Sexual Entertainment Venues, strip clubs or gentlemen’s clubs as they are sometimes referred to, unashamedly promote the
sexual objectification of women. It is the very essence of their business and at the core of their promotional publicity. The
imagery and publicity, particularly online, promotes misogyny and sexism, and ‘celebrates’ dysfunctional attitudes to women. They create an environment which states that it is permissible for men to buy women for sexual entertainment.
The Sheffield branch’s relationship with the Sexual Entertainment Industry began on International Women’s Day 2016 and I, along with other local members, have now attended 4 separate license hearings for clubs in Sheffield.
Much is said by the clubs and their very expensive legal representative about how the women working there find it empowering, how they make a good living from it, carefully skimming over the fact that they usually have no employment rights, how great their clubs are for the local economy, how they promote safer streets at night because their door staff are outside, and more often than not how this is a legitimate and legal business, and therefore they should be allowed to get on with it.
But the very existence of strip clubs will always be a signal to a significant amount of society that this is what women are for, that women’s existence is only in relation to their significance to men, that we are here for men’s sexual pleasure, that this is how we are valued.
SEVs create unequal power between men and women which perpetuates unequal power in every area of our society, including all of our seven objective areas.

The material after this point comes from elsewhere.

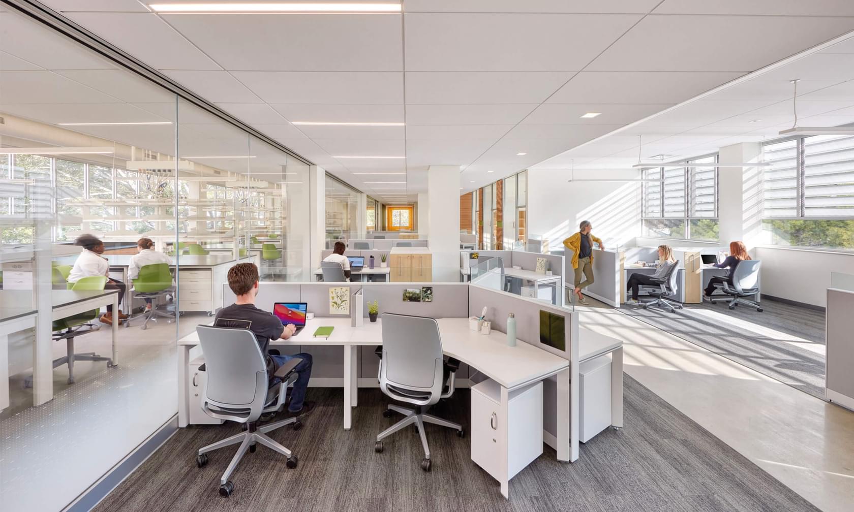 The renovations at UCLA’s four-level, 37,351sf Botany Building included the building and an adjacent herbarium. The work consisted of removing all existing interior partitions and installing new MEP and life safety systems. It also included a new roof, entrance, accessibility upgrades, seismic upgrades, technical equipment upgrades and interior finishes. Additionally, the building houses wet and dry labs for research, classrooms, and related support spaces. Construction was guided by standards for buildings eligible for listing on the National and California Registers of historic places.

The men who frequent strip clubs are not living in a vacuum, they are men we are in relationships with, men in our families,
men in our communities, they are our colleagues sitting next to us at work, they are running and working in our businesses, our
hospitals, our local services, our educational institutions, our judicial system, and they are making decisions in our local and
national government.
When we have problems within our society such as sexual harassment and abuse, when we do not have an equal number
of men and women at the top of our businesses, in local government or in Parliament, when 1 in 4 women in our society
will experience domestic abuse, where 2 women are killed every week by a partner or ex-partner, where almost half a
century after the Equal Pay Act we still have a gender pay gap, and in some industries an astronomical one, where our media
still reports on the aesthetics of the legs of our Prime Minister and First Minister as front page news, and where our children
are still presented with genderised job roles within our education system, why would we choose to add to propping up
the continuation of all of that, by licensing somewhere where women are presented for the sexual pleasure of men, for a
price.
We’re told - It’s just “banter with boobs”, a bit of fun - how many times have we heard the ways in which inequality manifests
itself be dismissed as “a bit of fun”? And how many more times will we have to listen to this excuse before something changes.

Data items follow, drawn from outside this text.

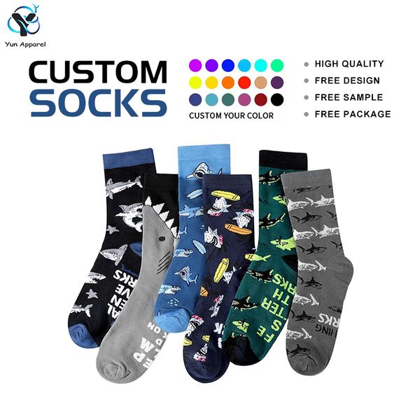 Custom Logo Low MOQ Crew Socks for MenNovelty Casual Cotton Sock Custom Package and Made Design$0.68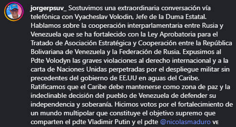 El presidente de la Duma o cámara de diputados de Rusia, Viacheslav Volodin, debatió hoy por teléfono con Jorge Rodríguez el desarrollo del diálogo interparlamentario con Venezuela en el contexto del gran despliegue de fuerzas navales de Estados Unidos en el Caribe.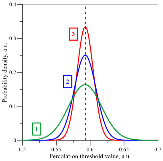 Figure 14. The reduction in the standard deviation value established in the study with an increase in the matrix dimensions allowed us to propose a method to reduce the uncertainty in the percolation threshold estimation not only by increasing the number of iterations but also by increasing the dimensions of the matrix. For example, to reduce the uncertainty in the estimation of the percolation threshold by an order of magnitude for a matrix with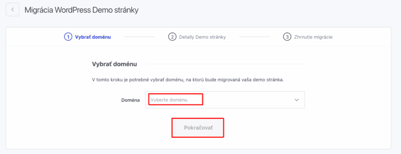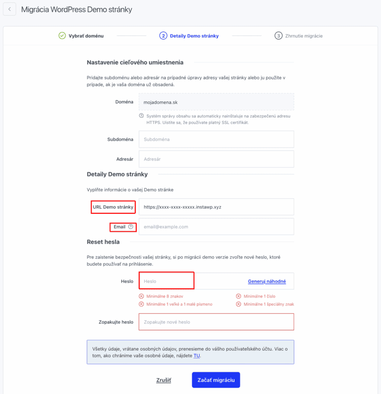 Následne budete presmerovaní na podstránku Migrácia demo stránky WordPress. Vyplňte požadované informácie v červených poliach.

We’re told that if we don’t license them they’ll go underground. Firstly there is no evidence to suggest this, and I would ask you
to think of any other area where this argument is made. We better license this medicine even though we know it’s really
dangerous otherwise it’ll go underground. This car hasn’t passed its MOT but if we don’t give it a certificate it’ll be driven anyway so we might as well. Giving something a license indicates to everyone that -we think this is ok - it’s safe - it’s a good idea.
We’re also told that instead of not granting licenses we should put license conditions and restrictions in place. But we know the misogyny, sexism and struggles that women face, as a party we know that better than any other, and we also know that no amount of license conditions or restrictions will ever combat all of that.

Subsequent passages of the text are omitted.